Monday, November 17, 2003

The Inside Scoop from the AMA’s

My dear friend Stacy goes to more award ceremonies than Armani. Here’s her story from last night’s AMA Awards.

“So there I was, rubbing hips with some of the hottest rock performers we know today. I’m talking about Alabama, Rod Stewart, Hall & Oates, Lionel Richie, Paula Abdul…you name it they were there at last night’s American Music Awards.

Did I miss a memo? Did I step into a porthole to 1982?

Last night’s foray into the world of Dick Clark was a scary one. (Although I did get some Dick action: “be clean, people.” We simply exchanged pleasantries, but the pun was one that I could not resist.)

Here are the highs, lows and observations (you decide what’s what):

All the action was in the trailer park erected behind the Shrine. Nobody loves the headset toting crowd and too-cool-for-the-room posturing more than I. Got a glimpse of Pam Anderson’s nether-regions (seriously) in a dress that, as a heterosexual woman I can say, was worth the price of admission. Love to see her and The Kid canoodling. Hope those kids can work it out. Hey, where’d he get that 40?

Free food. Good. Kiefer Sutherland sighting at the Baja Fresh set-up. (SSI Ed. Note: I love Kiefer.)

You know it’s a bad sign when 95% of your nominees don’t show up. (Yes, I’m talking to you, Cher.)

Note to guy in 3 Doors Down chatting with James Hetfield: Cred doesn’t rub off, bro.

Outkast was amazing. Let me say that again: Outkast for president(s). That performance had butts out of the seats. Big up to Outkast.

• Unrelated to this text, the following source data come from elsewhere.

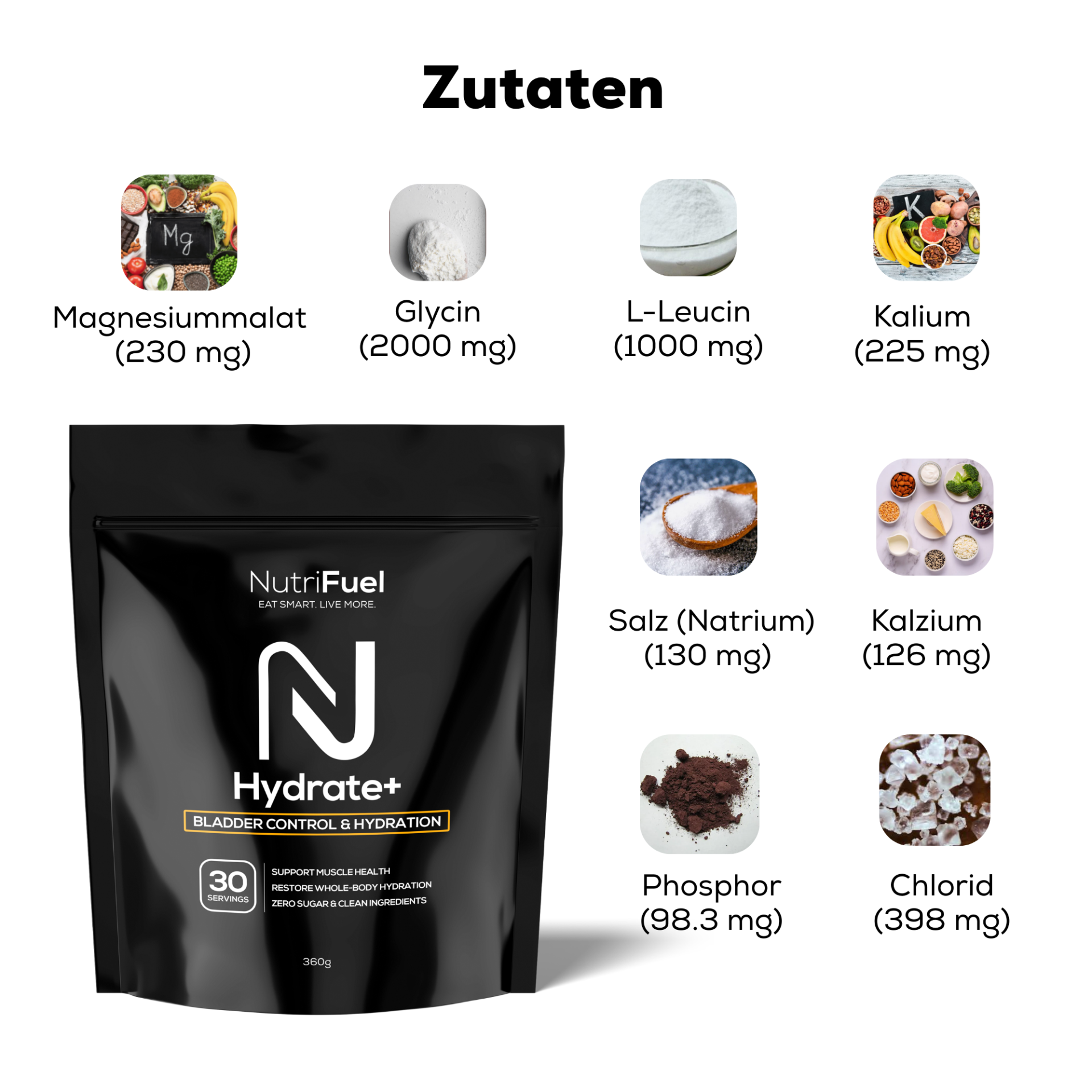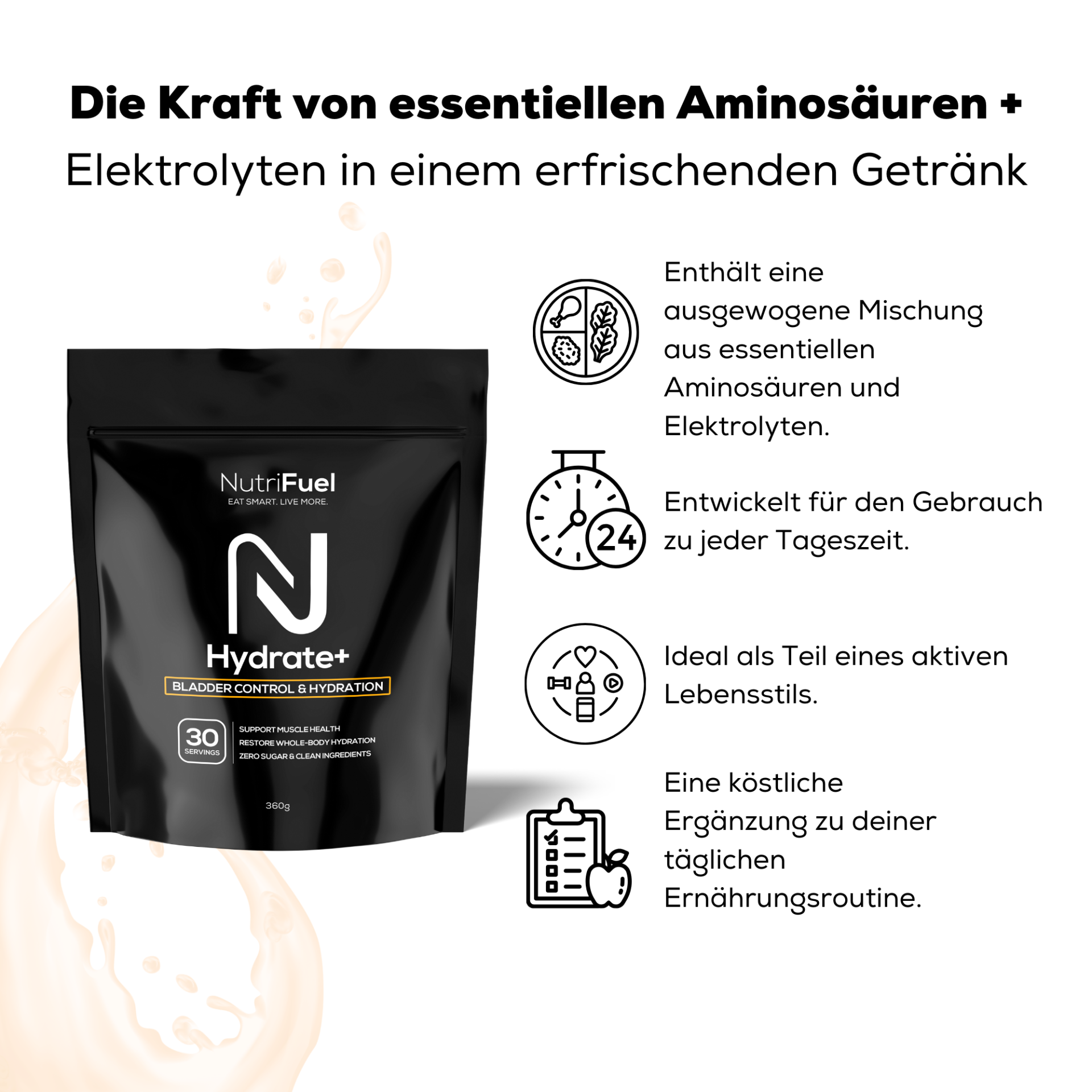 Aminosäuren stärken die Muskel- und Nervenfunktion – einschließlich jener, die für die Blasenkontrolle entscheidend sind – und unterstützen gleichzeitig eine optimale Hydration durch die Wirkung von Elektrolyten.
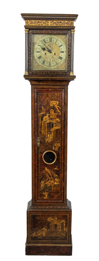 Lot 102 | Orologio a torre georgiano inglese a cineserie Giorgio I, 1690 circa Altezza x larghezza x profondità: 219 x 48 x 25 cm.
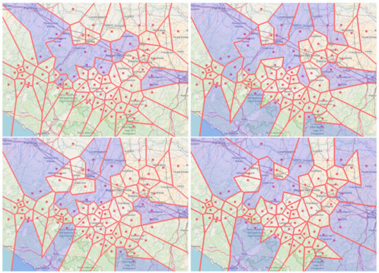 - Okabe, A.; Boots, B.; Sugihara, K.; Chiu, S. Spatial Tessellations—Concepts and Applications of Voronoi Diagrams; Probability and Statistics; John Wiley: Hoboken, NJ, USA, 2000. [Google Scholar]

Rod Stewart arrived with a veritable bevy of blonde and fabulous women. Friend noted that they were probably his daughters.

Pink’s vocals, regardless of where you stand on her as pop idol, are phenomenal and blew poor Britney back to Louisiana. Britney lip-synched her new single then left the building. I’d be embarrassed, too, Brit.

Where’s the rock, people? We were represented by Evanescence, matchbox twenty and Coldplay.

Sean Paul’s posse rules. I want a posse.

The gift “bags” given to presenters, nominees and performers actually came in a body bag. Watching them shove all that stuff into Ashanti’s limo was comedy, including the Weber grill that had to ride shotgun.

And what’s with this “live via satellite” bullshit? If your ass can’t show up, too bad. I don’t go to the show to watch TV! Fleetwood Mac and Justin Timberlake should be ashamed.

So here’s where I step up on my soapbox (now, really? What were the last few paragraphs about?)Turn away if you must:

It is rumored that the AMA nominees are determined by Radio & Records and winners are chosen by polling “the music buying public.”

Huh. Who is this diabolical Radio & Records and who the hell is this mythical music buying public who chose to nominate CELINE DION as Favorite Female Artist? AND, to add insult to injury, Kid Rock won for Favorite Male Artist, nominated for “Cocky”, an album that came out in 2001 prior to his current release. I’m writing my congressman.”